● Records supplied:
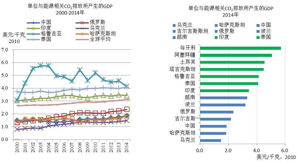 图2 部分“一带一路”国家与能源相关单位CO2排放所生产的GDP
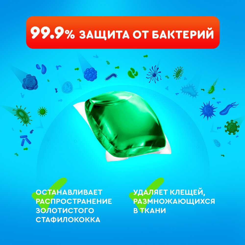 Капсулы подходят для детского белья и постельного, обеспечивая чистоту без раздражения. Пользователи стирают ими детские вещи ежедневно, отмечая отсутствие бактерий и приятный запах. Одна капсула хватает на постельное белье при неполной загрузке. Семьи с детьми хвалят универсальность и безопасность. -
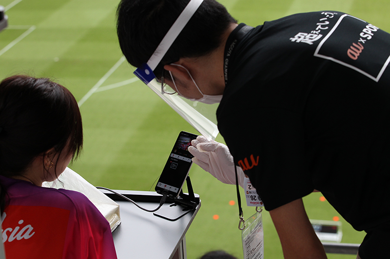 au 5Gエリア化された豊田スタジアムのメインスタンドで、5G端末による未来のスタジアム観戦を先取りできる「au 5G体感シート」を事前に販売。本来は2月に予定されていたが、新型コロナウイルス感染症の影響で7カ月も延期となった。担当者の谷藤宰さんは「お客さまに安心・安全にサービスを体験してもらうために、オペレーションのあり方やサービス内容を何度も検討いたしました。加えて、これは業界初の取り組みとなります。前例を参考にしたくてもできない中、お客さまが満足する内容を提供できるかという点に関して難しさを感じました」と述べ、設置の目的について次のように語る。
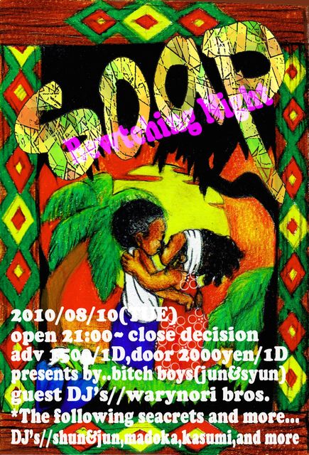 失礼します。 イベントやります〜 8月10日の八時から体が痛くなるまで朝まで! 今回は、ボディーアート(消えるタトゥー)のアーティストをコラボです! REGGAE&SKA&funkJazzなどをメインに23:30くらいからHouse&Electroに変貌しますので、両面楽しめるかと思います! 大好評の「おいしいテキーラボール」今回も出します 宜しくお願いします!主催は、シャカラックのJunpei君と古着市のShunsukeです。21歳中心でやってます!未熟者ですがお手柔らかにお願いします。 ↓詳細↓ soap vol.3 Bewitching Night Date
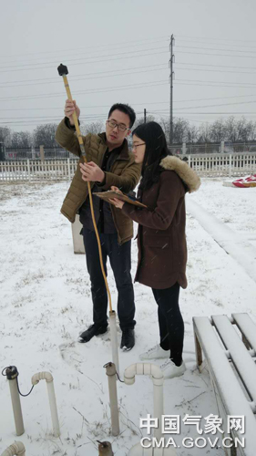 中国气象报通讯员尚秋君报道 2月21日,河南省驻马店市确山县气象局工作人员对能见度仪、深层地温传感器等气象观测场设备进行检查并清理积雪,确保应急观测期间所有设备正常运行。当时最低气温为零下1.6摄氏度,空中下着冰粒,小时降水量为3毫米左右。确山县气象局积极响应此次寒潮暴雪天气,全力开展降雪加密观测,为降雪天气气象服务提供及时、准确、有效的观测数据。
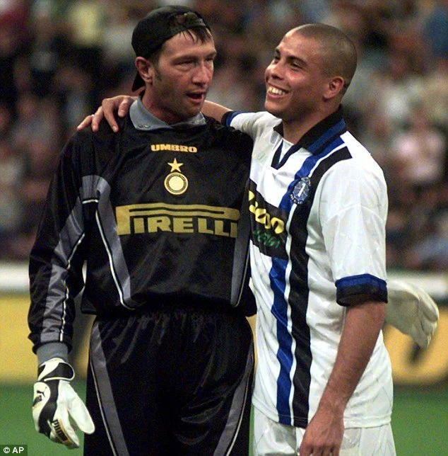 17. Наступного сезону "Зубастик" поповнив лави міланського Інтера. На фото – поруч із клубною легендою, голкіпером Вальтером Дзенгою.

● Work task:
Print the full listing exactly, dropping the pictures.

● Response:
 图2 部分“一带一路”国家与能源相关单位CO2排放所生产的GDP
 Капсулы подходят для детского белья и постельного, обеспечивая чистоту без раздражения. Пользователи стирают ими детские вещи ежедневно, отмечая отсутствие бактерий и приятный запах. Одна капсула хватает на постельное белье при неполной загрузке. Семьи с детьми хвалят универсальность и безопасность. -
 au 5Gエリア化された豊田スタジアムのメインスタンドで、5G端末による未来のスタジアム観戦を先取りできる「au 5G体感シート」を事前に販売。本来は2月に予定されていたが、新型コロナウイルス感染症の影響で7カ月も延期となった。担当者の谷藤宰さんは「お客さまに安心・安全にサービスを体験してもらうために、オペレーションのあり方やサービス内容を何度も検討いたしました。加えて、これは業界初の取り組みとなります。前例を参考にしたくてもできない中、お客さまが満足する内容を提供できるかという点に関して難しさを感じました」と述べ、設置の目的について次のように語る。
 失礼します。 イベントやります〜 8月10日の八時から体が痛くなるまで朝まで! 今回は、ボディーアート(消えるタトゥー)のアーティストをコラボです! REGGAE&SKA&funkJazzなどをメインに23:30くらいからHouse&Electroに変貌しますので、両面楽しめるかと思います! 大好評の「おいしいテキーラボール」今回も出します 宜しくお願いします!主催は、シャカラックのJunpei君と古着市のShunsukeです。21歳中心でやってます!未熟者ですがお手柔らかにお願いします。 ↓詳細↓ soap vol.3 Bewitching Night Date
 中国气象报通讯员尚秋君报道 2月21日,河南省驻马店市确山县气象局工作人员对能见度仪、深层地温传感器等气象观测场设备进行检查并清理积雪,确保应急观测期间所有设备正常运行。当时最低气温为零下1.6摄氏度,空中下着冰粒,小时降水量为3毫米左右。确山县气象局积极响应此次寒潮暴雪天气,全力开展降雪加密观测,为降雪天气气象服务提供及时、准确、有效的观测数据。
 17. Наступного сезону "Зубастик" поповнив лави міланського Інтера. На фото – поруч із клубною легендою, голкіпером Вальтером Дзенгою.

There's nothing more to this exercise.